Quirky French offering


Whenever I hear people going on about how much better the world was back in "the good old days", I want to stick them in a time machine and send them back to whatever date they thought was so great.

One of the things I've noticed over the years is that the people in the Western world who bang on about how great things used to be invariably seem to be white, heterosexual men.

You don't often see women, Maori, Pacific Islanders, Asians, Africans, Middle Eastern people, Central Americans, South Americans, people who are gay and people with disabilities pining for the good old days.

And while the economy is a mess and the environment is under seige, I like to think the fact that most people don't want to turn the clock back is a sign of some kind of progress.

Another sign of progress that puts a smile on my face is the way you can now live somewhere like Nelson and still see movies from all over the world.
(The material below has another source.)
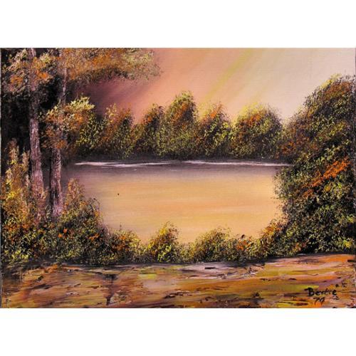 AN ORIGINAL OIL PAINTING OF A SUNSET WITH POND AND TREES
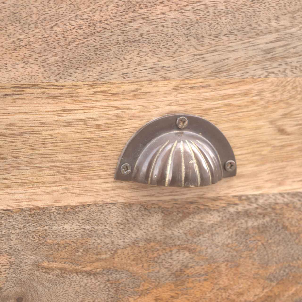 Crafted with an unwavering commitment to excellence, the Open Slot 3 Drawer Media Unit showcases impeccable craftsmanship and the timeless beauty of solid mango wood. The oak-ish finish enhances the natural grain and texture of the wood, ensuring that each piece boasts its unique character. This hand-finished media unit is not only sturdy but also environmentally friendly, assuring you of both durability and sustainability.

For example, if you wanted to see a film set in France that is written and directed by a Finn and concerns the issue of illegal immigration from Africa, then you're in luck.

Set in the port city of the same name, Le Havre is a film that should delight fans of quirky, offbeat cinema.

The hero of the piece is a 60-something shoeshine man by the name of Marcel Marx. A former bohemian, Marcel and his devoted wife, Arletty, have a modest lifestyle and live in a small house with their dog, Laika.

Marcel's simple existence gets shaken up when Arletty becomes seriously ill and he meets an illegal immigrant, an African boy named Idrissa.

For reasons that are never explained, Marcel decides to help Idrissa hide from the authorities and then recruits others from the neighbourhood to help.

One thing that quickly becomes clear watching Le Havre, is that writer-director Aki Kaurismaki is a man with a very clear vision of just how his films should look and feel. It is shot in a gloomy pallet and just about everything and everyone in it, with the exception of Idrissa, looks worn out or close to it.

Despite this, it is also full of levity and absurdism that prevents it from ever getting too serious. And while it's theoretically set in the present day, the way characters dress, the places they hang out and the cars they drive, give the impression of it almost happening in an imaginary time where people have cell phones but dress like characters in a Tintin book.

Storywise, it has to be said, there is not a lot going on. At one stage I even wondered if Kaurismaki was getting his actors to occasionally stare into space for no apparent reason to pad out the running time.

Despite the staring and the quirkier moments, all the actors do a top job and manage to create surprisingly convincing and appealing characters. One reason for this may be the refreshing amount of affection they express for one another.

The neighbourhood Le Havre is set in may not be flash, but the locals clearly like each other, which makes it easy for the audience to like them too.

Bottom line: Absurdist and slight yet satisfying.